And introducing air into the oxidation tank, and oxidizing the trapping agent and new substances generated by hydrogen sulfide to obtain elemental sulfur and realize the regeneration of the trapping agent. The elemental sulfur has fine particle size and is difficult to separate when dispersed in a solution. And adding a flotation reagent into the oxidation tank for flotation to realize the separation of the solution and the sulfur, wherein the content of elemental sulfur in the solution after flotation is less than 0.05 percent. The flotation reagent is a surfactant and a foaming agent, the surfactant improves the surface property of sulfur and is easily adsorbed on foam generated by the foaming agent, so that elemental sulfur floats upwards, and the sulfur and the solution are quickly separated. And returning the desulfurized solution to the scrubber for recycling.
Detailed Description
The present invention will be described in further detail with reference to specific examples.
A method for quickly separating calcium and sulfur in industrial byproduct gypsum is characterized by sequentially comprising the following steps: adding an atmosphere regulator into the dried industrial byproduct gypsum, uniformly mixing, and adding into a rapid decomposer for decomposition to obtain sulfur dioxide flue gas and a solid product; carrying out magnetic separation and gravity separation on the solid product to obtain an atmosphere regulator, calcium oxide and calcium sulfide; adding water into calcium sulfide, hydrolyzing to obtain calcium hydroxide precipitate and calcium hydrosulfide solution, and performing solid-liquid separation; introducing carbon dioxide gas into the calcium hydrosulfide solution to obtain calcium carbonate precipitate and hydrogen sulfide gas; adding a trapping agent and a pH regulator into a washer, and absorbing hydrogen sulfide gas to obtain a pregnant solution; and (3) introducing the absorbed pregnant solution into an oxidation tank, adding a surfactant and a foaming agent, introducing air into the oxidation tank, and performing flotation to obtain elemental sulfur. The formula of the atmosphere regulator, the trapping agent and the pH regulator in the raw materials is shown in table 1, and the formula of the flotation agent surfactant and the foaming agent is shown in table 2.
TABLE 1
TABLE 2
The embodiments of the invention can be implemented and achieve the aim of the invention.
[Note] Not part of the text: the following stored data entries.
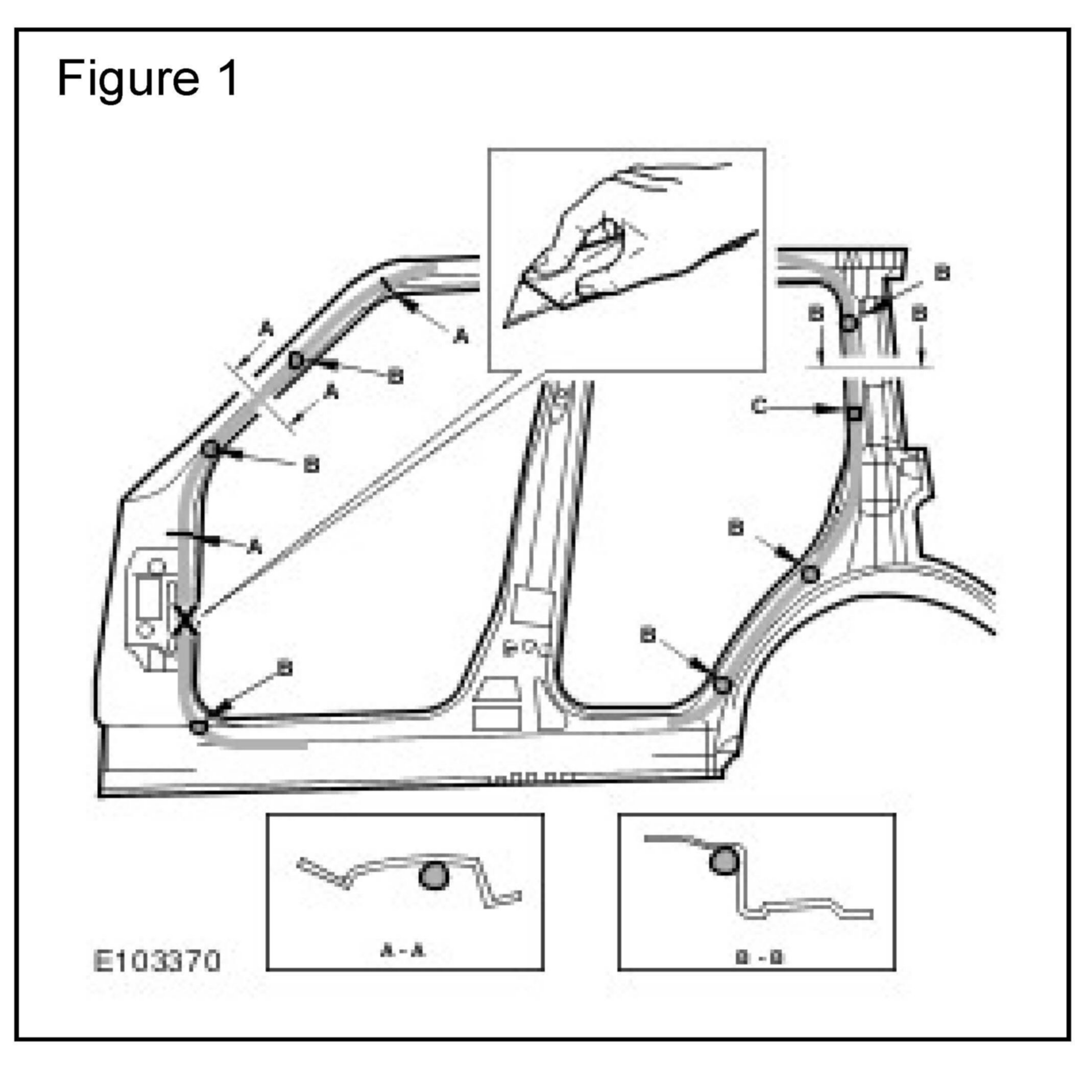 Water may enter the cabin area in one or more of the following scenarios: Through the headliner in the proximity of the driver's or front passenger's head, possibly dripping onto the top of the instrument panel. Behind the A-pillar trim, through the fascia and possibly into the front footwell. Removing the fascia end closing panel, water ingress in this area can be identified by rust-colored marks on the instrument panel reinforcement. Through the headliner around the rear of the roof opening panel. Into the left and right-hand-side rear footwell. Water ingress from the above may be caused by poorly routed / blocked / kinked / twisted front roof opening panel drain tubes or a badly fitted front or rear door water shedder.
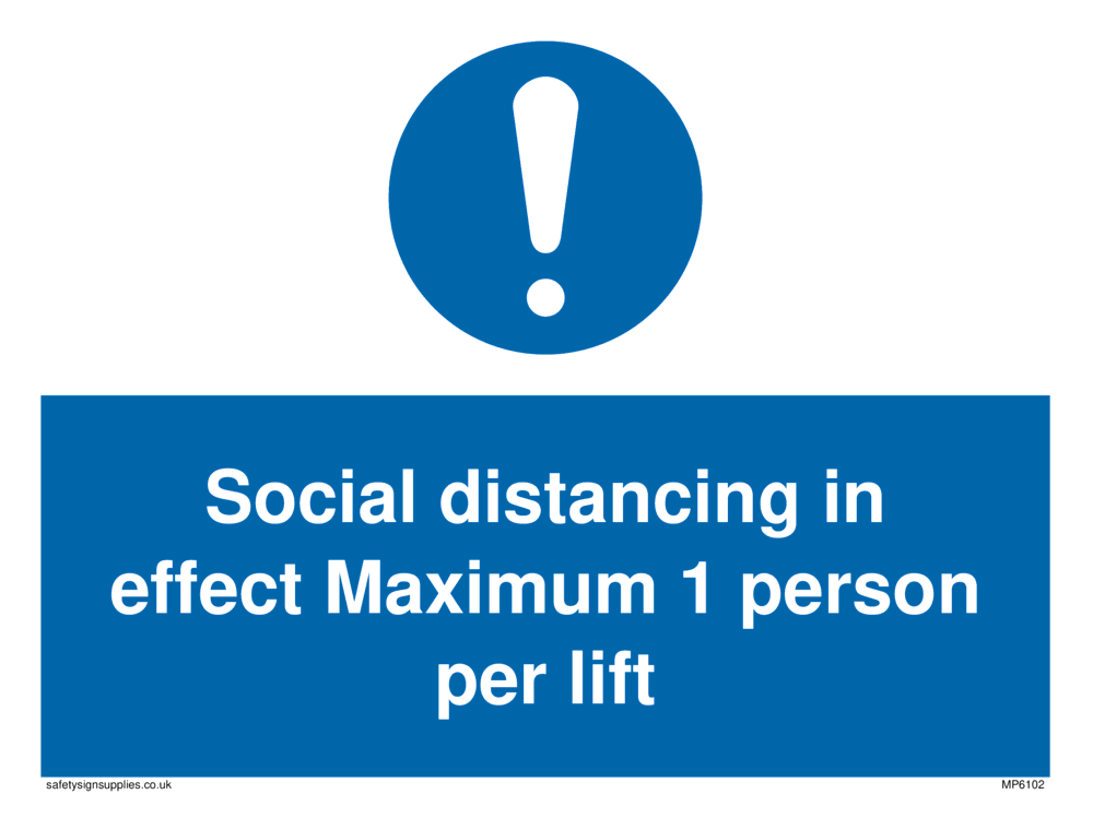 Sign Text: Social distancing in effect Maximum 1 person per lift
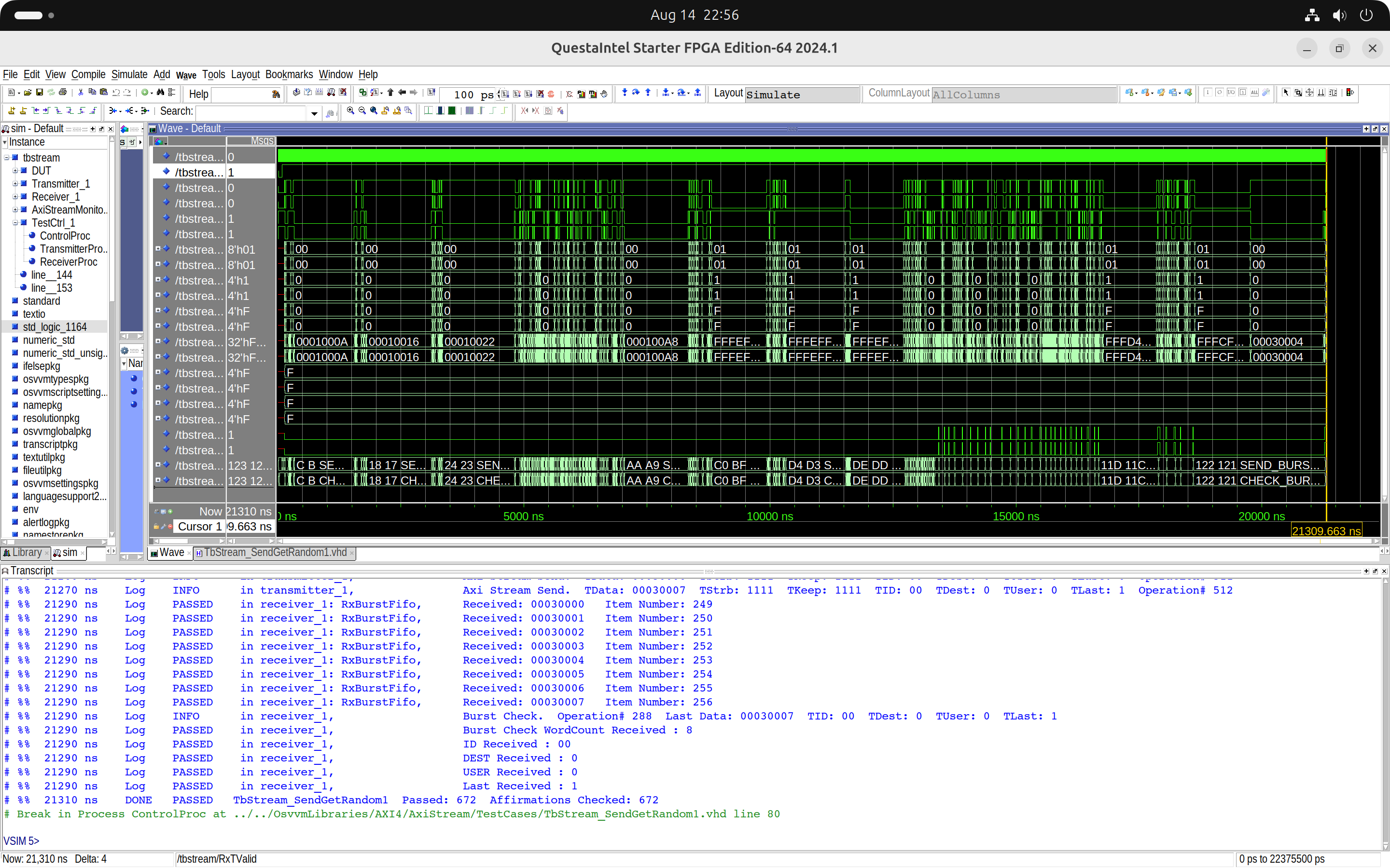 build ../../OsvvmLibraries/AXI4/AxiStream/RunTest.proWe can see in Questa's Transcript window that the simulation passed without errors. After adding the test bench signals to the wave window and restarting the simulation, we can also view the waveforms.

The present invention is not limited to these examples.

Claims (7)

1. A method for quickly separating calcium and sulfur in industrial byproduct gypsum is characterized by sequentially comprising the following steps: adding an atmosphere regulator into the dried industrial byproduct gypsum, uniformly mixing, and adding into a rapid decomposer for decomposition to obtain sulfur dioxide flue gas and a solid product; carrying out magnetic separation and gravity separation on the solid product to obtain an atmosphere regulator, calcium oxide and calcium sulfide; adding water into calcium sulfide, hydrolyzing to obtain calcium hydroxide precipitate and calcium hydrosulfide solution, and performing solid-liquid separation; introducing carbon dioxide gas into the calcium hydrosulfide solution to obtain calcium carbonate precipitate and hydrogen sulfide gas; adding a trapping agent and a pH regulator into a washer, and absorbing hydrogen sulfide gas to obtain a pregnant solution; and (3) introducing the absorbed pregnant solution into an oxidation tank, adding a surfactant and a foaming agent, introducing air into the oxidation tank, and performing flotation to obtain elemental sulfur.
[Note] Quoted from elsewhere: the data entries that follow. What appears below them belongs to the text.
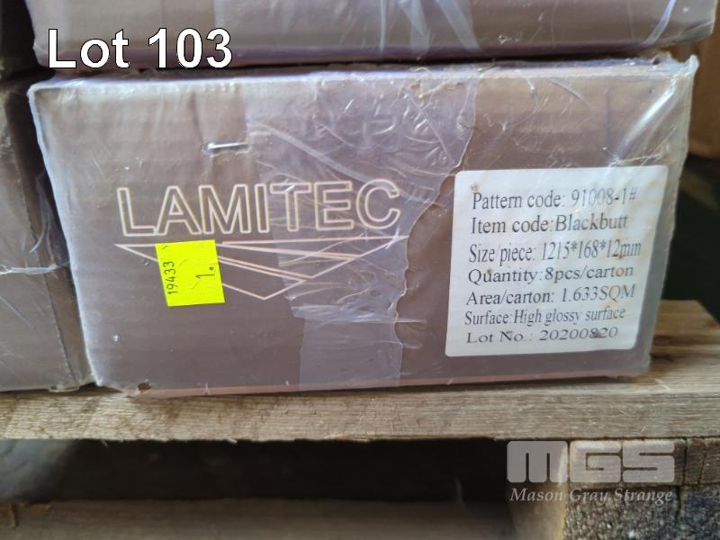 LAMITEC TIMBER LAMINATE FLOORING COLOUR: BLACKBUTT, HIGH GLOSS 1215 x 168 x 12mm 8 PIECES/CARTON AREA/CARTON: 1.633sqm PATTERN CODE: 91008-1 10 x CARTONS
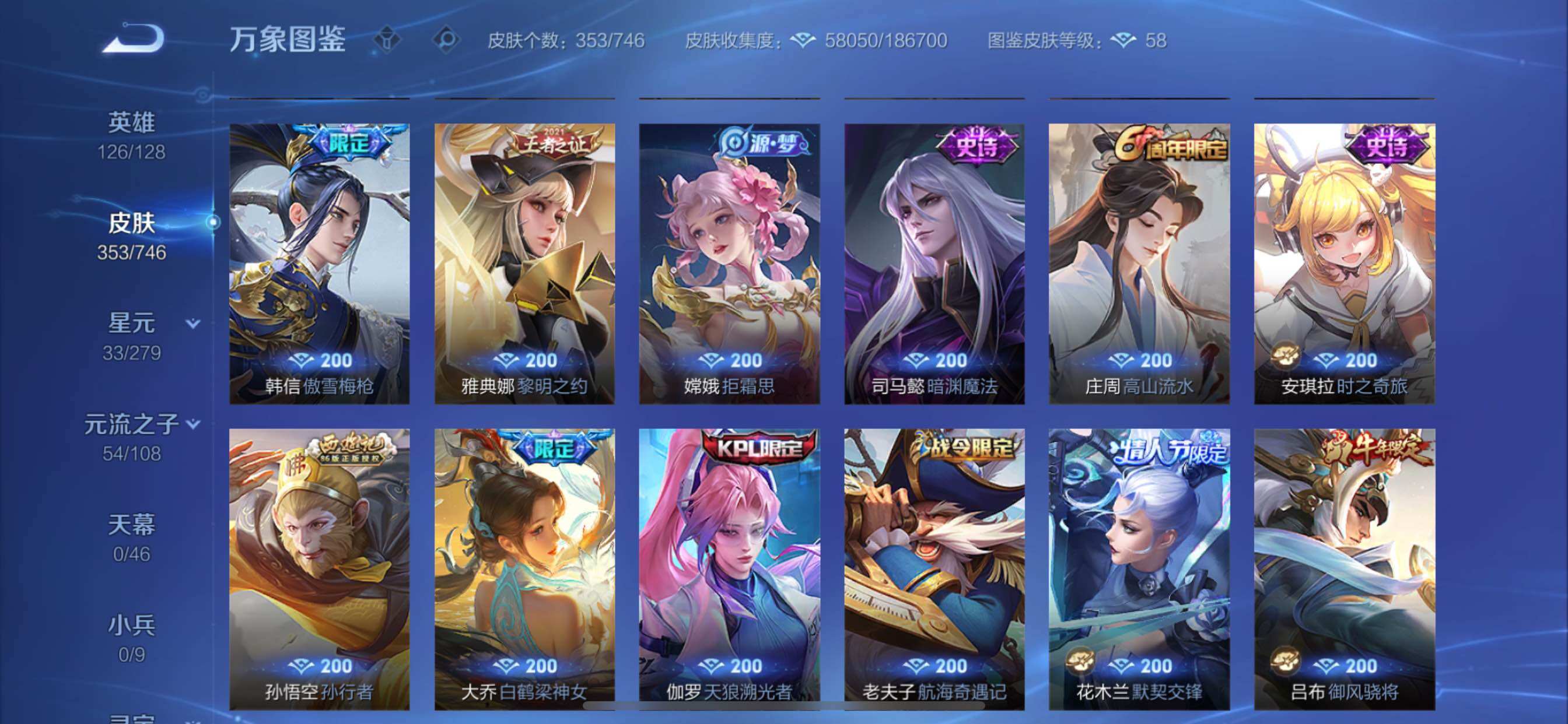 营地账号:423545964/可换绑【公孙离全皮 金标虞姬 怪盗基德 多传说限定质量号】 19按键 2星传说,18王者印记,满级铭文,可二次CD13654,苹果Q-V9-353皮肤-1典藏-2无双-2珍品传说-32传说-112史诗【英雄全皮】:孙权全皮,雅典娜全皮,鬼谷子全皮,公孙离全皮,李信全皮,马超全皮,蒙恬全皮,空空儿全皮,影全皮【荣耀典藏】:花木兰九霄神辉【无双皮肤】:公孙离离恨烟,曜器
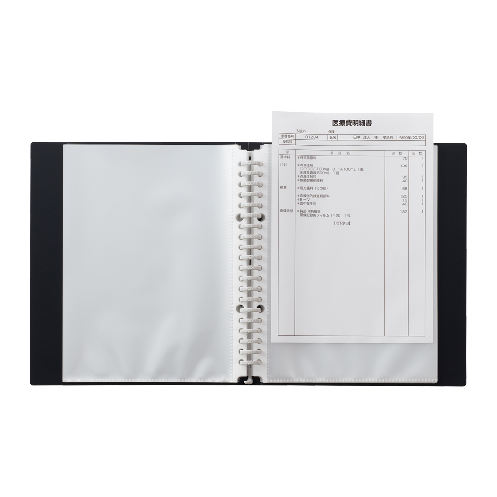 | 材質 | 表紙/ポリプロピレン(生地厚0.75mm)、ポケット/ポリプロピレン(生地厚0.06mm)、とじ具/ポリカーボネート・ポリプロピレン |
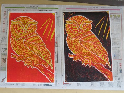 彫る→刷る→洗うを2~3回繰り返し、最後に黒いインクで刷ったらでき上がりです。
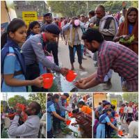 scout,Guide,Rovers & Rangers Give their tremendous service in 14 Kosi Parikrama At Holy Ayodhya.Lakhs of People walk bare foot on Their Lord's RAMA path.Scouts gave snacks and water to these pilgrimage.
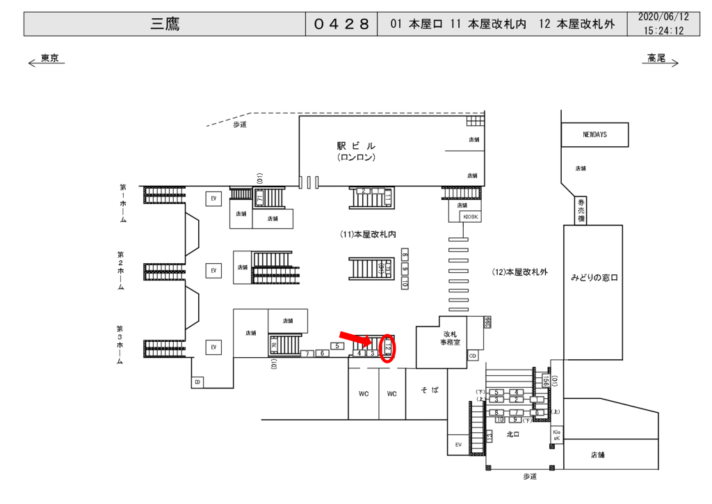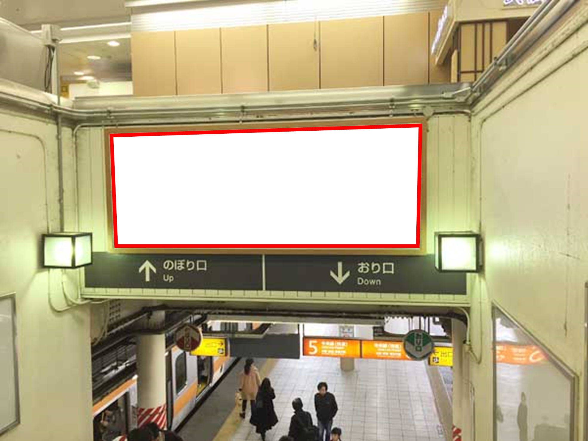 ■改札内コンコースからホーム(中央線快速・東京方面)階段正面の大変視認性の高い看板です。
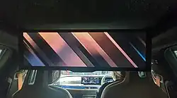 The G70 receives the "BMW Live Cockpit" setup, which combines a 310 mm (12.3 in) digital instrument cluster with a BMW's 14.9 in (380 mm) Curved Display for the infotainment touchscreen, which both run BMW iDrive 8, the newest iteration of BMW's infotainment system.[34] The G70 also features navigation, wireless Apple CarPlay and Android Auto, DAB+ radio, over-the-air updating, and a range of third-party apps as well as in-car gaming.[37] Additionally, a head-up display with different views is standard.[34] Optional on the 7 Series is a large 800 mm (31.3 in), 8,000-pixel "Theatre Screen". When being used, this display can stream movies and shows from Amazon Fire TV via the eSIM connection, or a device can be hooked up via an HDMI cable to stream any show. A camera is standard on the screen, which can stream meetings or video calls while in the vehicle. Buyers may subscribe to other streaming services such as Netflix, Hulu and Max.[38][34][39] Additional luxuries include heated front and rear seats, heated steering wheel, heated surface, front centre console armrest, front seat ventilation, front seat massage function, quad-zone climate control, and BMW's Panoramic Glass Roof Sky Lounge.[34][40]

2. The method for rapidly separating calcium and sulfur from industrial byproduct gypsum according to claim 1, wherein the atmosphere modifier is one of red mud, jarosite slag, nickel-iron slag and manganese slag, and the addition amount of the atmosphere modifier is 1-10% of the mass of the industrial byproduct gypsum.
3. The method for rapidly separating calcium and sulfur in gypsum as an industrial byproduct according to claim 1, wherein the combustion-supporting gas for the rapid decomposer is a carbon dioxide/oxygen mixed gas.
4. The method for rapidly separating calcium and sulfur in industrial byproduct gypsum according to claim 1, wherein the capture agent is one of ferric citrate, ferric hydroxide and ferric lactate, and the addition amount is 0.1-5% of the mass of the industrial byproduct gypsum.
5. The method for rapidly separating calcium and sulfur from industrial byproduct gypsum according to claim 1, wherein the pH regulator is one of ammonia water, sodium carbonate and calcium lactate, and the addition amount of the pH regulator is 0.1-5% of the mass of the industrial byproduct gypsum.
6. The method for rapidly separating calcium and sulfur from industrial byproduct gypsum according to claim 1, wherein the surfactant is one of ethionamide, isothiourea salt and allyl butyrate, and the addition amount of the surfactant is 0.01-0.1% of the mass of the industrial byproduct gypsum.
7. The method for rapidly separating calcium and sulfur from industrial byproduct gypsum according to claim 1, wherein the foaming agent is one of cresol glycerol ether, methyl isobutyl carbinol, methyl amyl alcohol and polyethylene glycol ether, and the addition amount of the foaming agent is 0.01-0.1% of the mass of the industrial byproduct gypsum.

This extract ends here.